● What you need to do: Copy out nothing but the lines from the one holding "近期,新加坡人力部在参考部门" through the end of the entries below, exactly as written and without the pictures.

● Items from a data source:
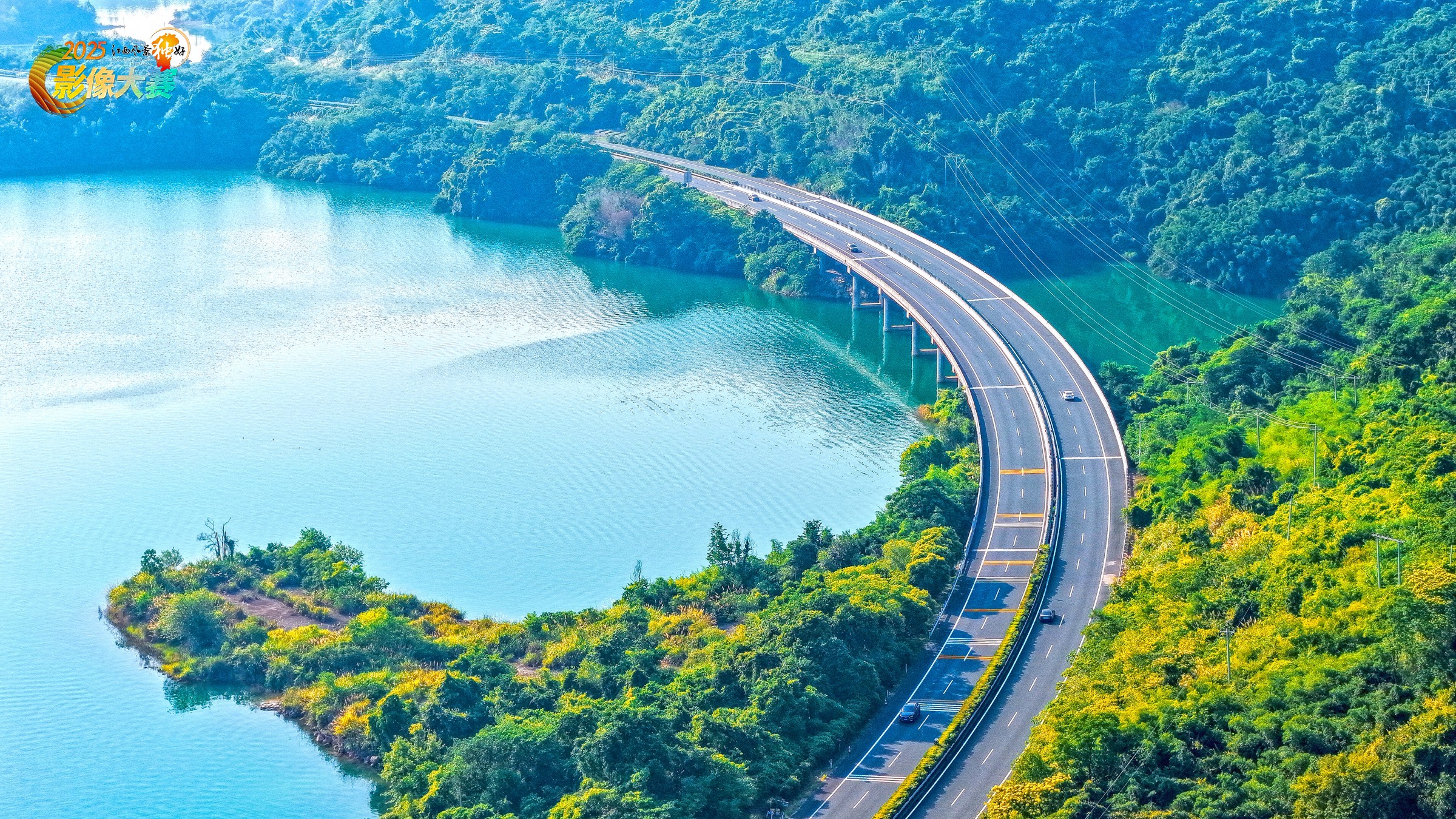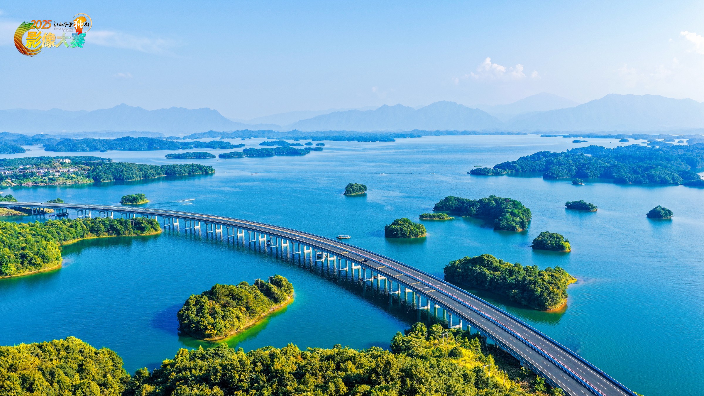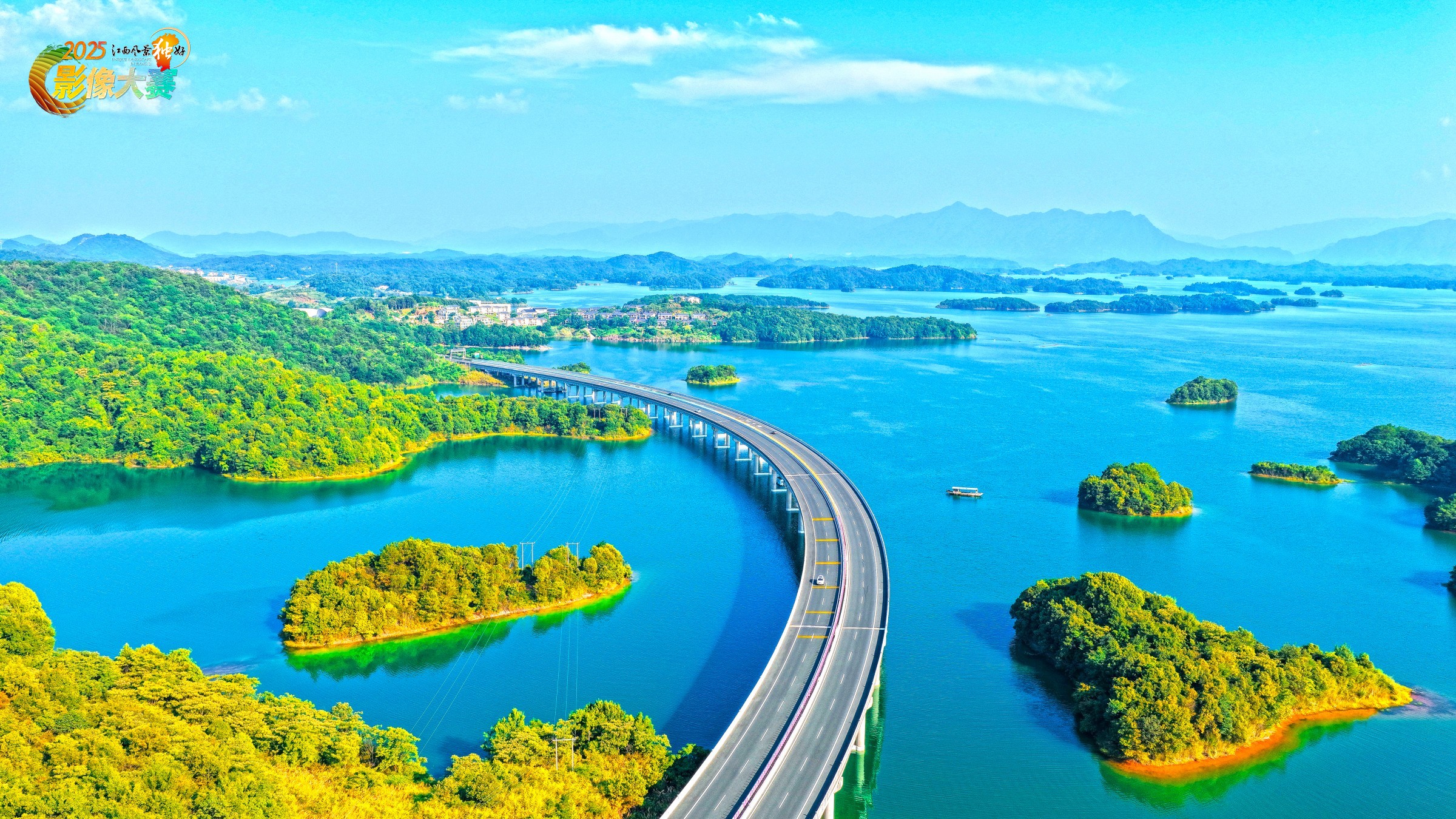 作品生动展现了交通基础设施与自然风光的和谐共存。蜿蜒的高架桥如巨龙般盘旋在碧绿的湖面上,车辆在桥上畅通无阻,展现了现代交通的便捷与高效。湖水清澈见底,岛屿点缀其间,四周群山环抱,绿意盎然,构成了一幅动人的山水画卷。这组照片不仅体现了工程技术的壮丽,更彰显了自然生态的美丽,让人在感受交通发展的同时,也领略到大自然的无限魅力。
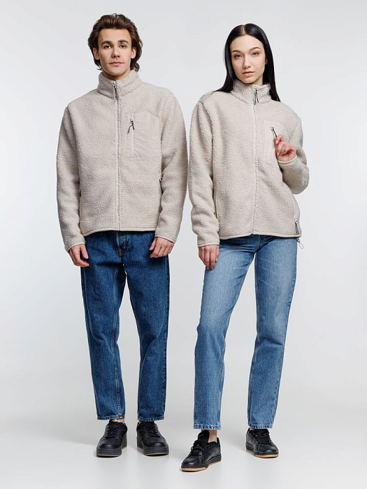 Куртка унисекс из фактурной искусственной шерпы с гладкой отделкой из таслана.
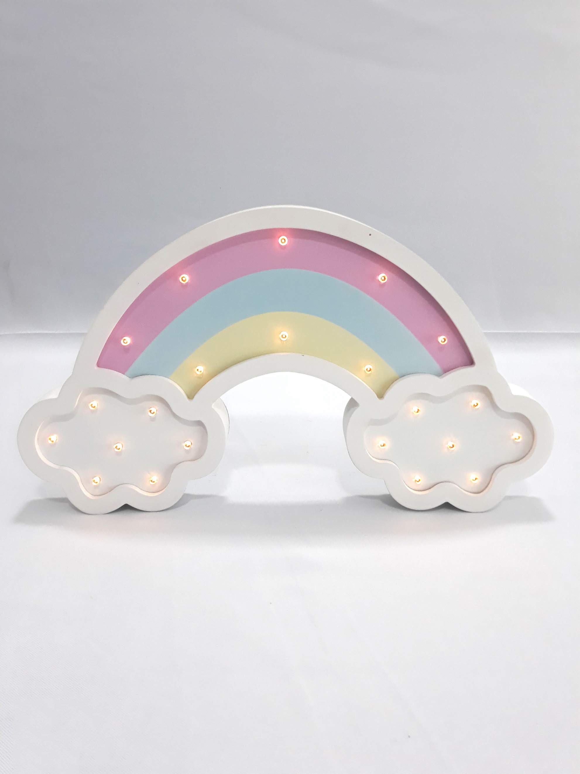 Lou este o lampa decorativa de noapte nomada in forma de curcubeu plutind pe nori pentru a crea o atmosfera magica. Va va lumina usor camera cu diferite culori de lumina care ies din fiecare forma de bec din plastic. Fabricat din plastic dur, este potrivit pentru copii si usor de utilizat datorita butonului sau de pornire / oprire din spate a produsului. Functioneaza cu 2 baterii AA neincluse.
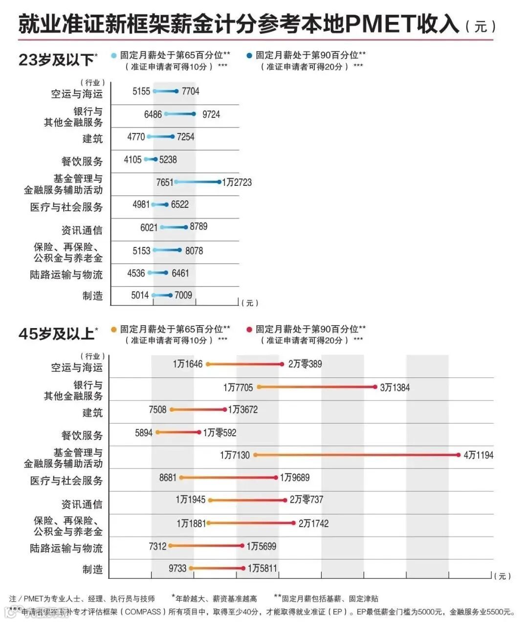 近期,新加坡人力部在参考部门研究与统计处的年度综合劳动力调查数据并调整后,首次在网站列出22个行业及年龄23岁至45岁本地专业人士、经理、执行员与技师(PMET),在同行排第65百分位及第90百分位的收入数据,供雇主参考。外籍雇员在EP新计分制下,薪水须向本地前三分之一PMET收入看齐,才能在薪水项目取得10分。超过90%的月薪则能取得20分。
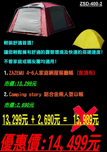 ZAZEMU ZSD-400-1 舒適4人客廳型睡帳(點我) + ZAZEMU ZSD-400-2 輕量2人客廳型睡帳(點我)+1,100

● Result:
 近期,新加坡人力部在参考部门研究与统计处的年度综合劳动力调查数据并调整后,首次在网站列出22个行业及年龄23岁至45岁本地专业人士、经理、执行员与技师(PMET),在同行排第65百分位及第90百分位的收入数据,供雇主参考。外籍雇员在EP新计分制下,薪水须向本地前三分之一PMET收入看齐,才能在薪水项目取得10分。超过90%的月薪则能取得20分。
 ZAZEMU ZSD-400-1 舒適4人客廳型睡帳(點我) + ZAZEMU ZSD-400-2 輕量2人客廳型睡帳(點我)+1,100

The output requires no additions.